Amgen and Wyeth Pharmaceuticals, a division of Wyeth, issued a statement in response to the Food and Drug Administration (FDA) early communication regarding an ongoing safety review of Tumour Necrosis Factor (TNF) blockers (marketed as Remicade, Enbrel, Humira and Cimzia) and the possible association between the use of these medicines and the development of lymphoma and other cancers in children and young adults.
Amgen and Wyeth are committed to the safety of patients and have consistently updated the product labelling for Enbrel (etanercept) over the past decade. The companies maintain ongoing safety surveillance programs worldwide to analyze and evaluate safety reports, including reports of malignancies, from controlled and open-label clinical trials and patient registries, as well as reports received from healthcare professionals and patients. Amgen provided the FDA with information from both companies' adverse events databases and is continuing to work with the Agency to evaluate the overall risk benefit of Enbrel in paediatric patients.
The FDA has conducted an analysis of safety information provided by the manufacturers from all TNF blockers as well as that collected from its own adverse events reporting system (MedWatch). Based on it's preliminary review, the FDA has decided to conduct further analyses to evaluate the risks and benefits of TNF blockers in paediatric patients. The Early Communication mechanism has been used by the FDA on numerous occasions during the past year to inform the public about its ongoing safety reviews of drugs. The Agency's posting of this early communication means that FDA is considering the information but has not yet reached a conclusion.

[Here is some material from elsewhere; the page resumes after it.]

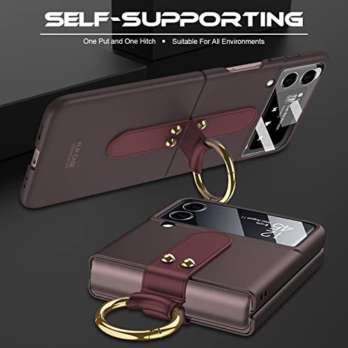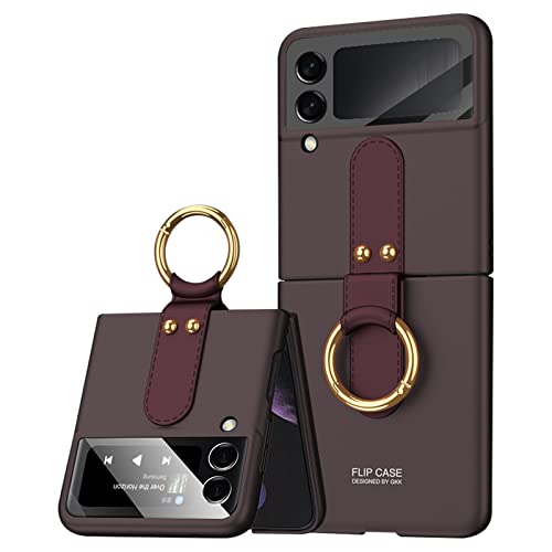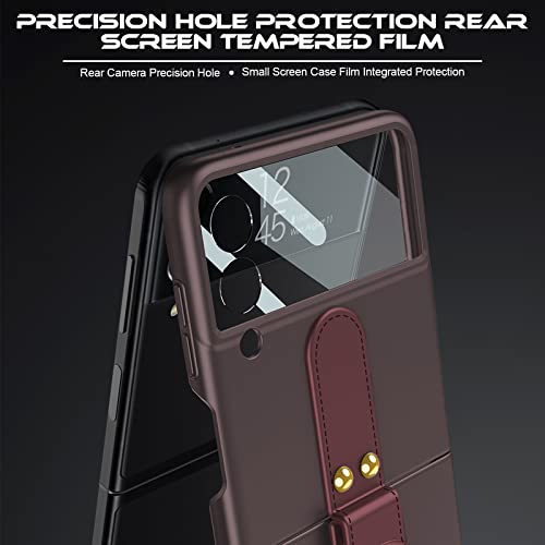 NEWZEROL Cover con Supporto Video ad Anello Compatibile per Samsung Galaxy Z Flip 4 5G, Cornice Protettiva per PC + Cover Proteggi Schermo per Fotocamera in Vetro Temperato - Rosso

Amgen and Wyeth support the ongoing FDA review of safety information for TNF blockers and remain committed to providing FDA with any additional information needed. According to the FDA early communication, "FDA has been aware of the possible association between the use of TNF blockers and the development of cancers. The prescribing information for all four TNF blockers warns about the possible risk of cancer." The FDA early communication also states, "At the current time, the FDA believes that the potential benefits of the use of TNF blockers outweigh the potential risks in certain children and young adults having one of the diseases for which the TNF blockers are approved to treat. Until the evaluation is completed, healthcare providers, parents, and caregivers should be aware of the possible risk of lymphoma and other cancers in children and young adults when deciding how to best treat these patients." Amgen and Wyeth agree, and as always, physicians and patients, or their caregivers, should carefully evaluate the benefits and risks of Enbrel before initiating therapy.

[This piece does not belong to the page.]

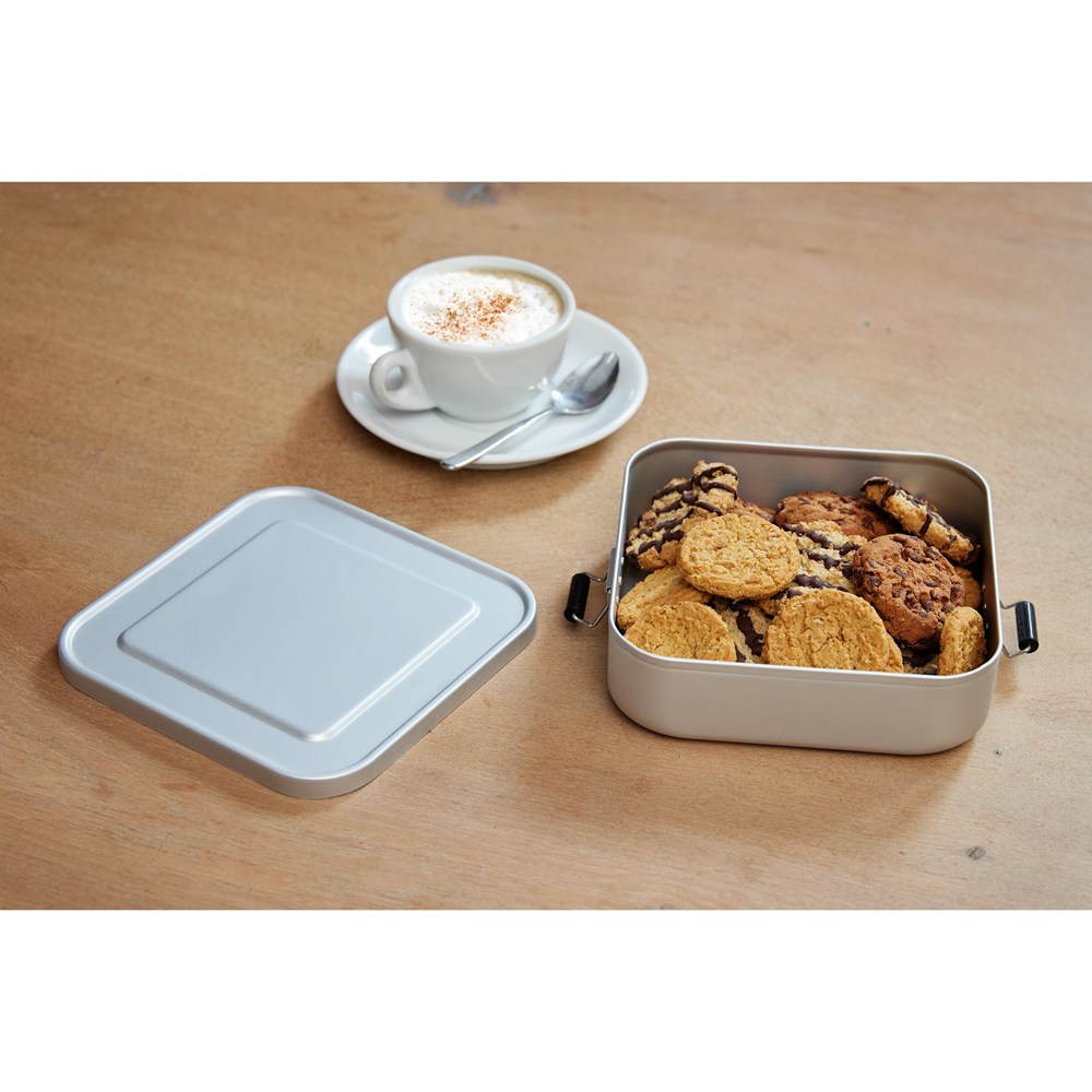 Kleine, quadartische Brotzeitbox aus Aluminium mit einer matten Oberfläche. Sicher verschließbar durch die beiden Klemmbügel. Der Deckel ist komplett abnehmbar. Nicht nur für den Einsatz auf der Baustelle geeignet.

Enbrel was first approved for juvenile idiopathic arthritis (JIA), formerly called juvenile rheumatoid arthritis, in 1999, and this is the only approved use for Enbrel in the paediatric population. It is indicated for reducing the signs and symptoms of moderately to severely active polyarticular juvenile idiopathic arthritis in patients ages 2 and older. Serious infections, including tuberculosis (TB), have happened in patients taking Enbrel. Some of these serious infections have been fatal. Many serious infections occurred in people prone to infection. Serious infections have also occurred in patients with advanced or poorly controlled diabetes.
Amgen and Wyeth Pharmaceuticals, a division of Wyeth, market Enbrel in North America. Wyeth markets Enbrel outside of North America. Immunex Corporation, a wholly owned subsidiary of Amgen, manufactures Enbrel.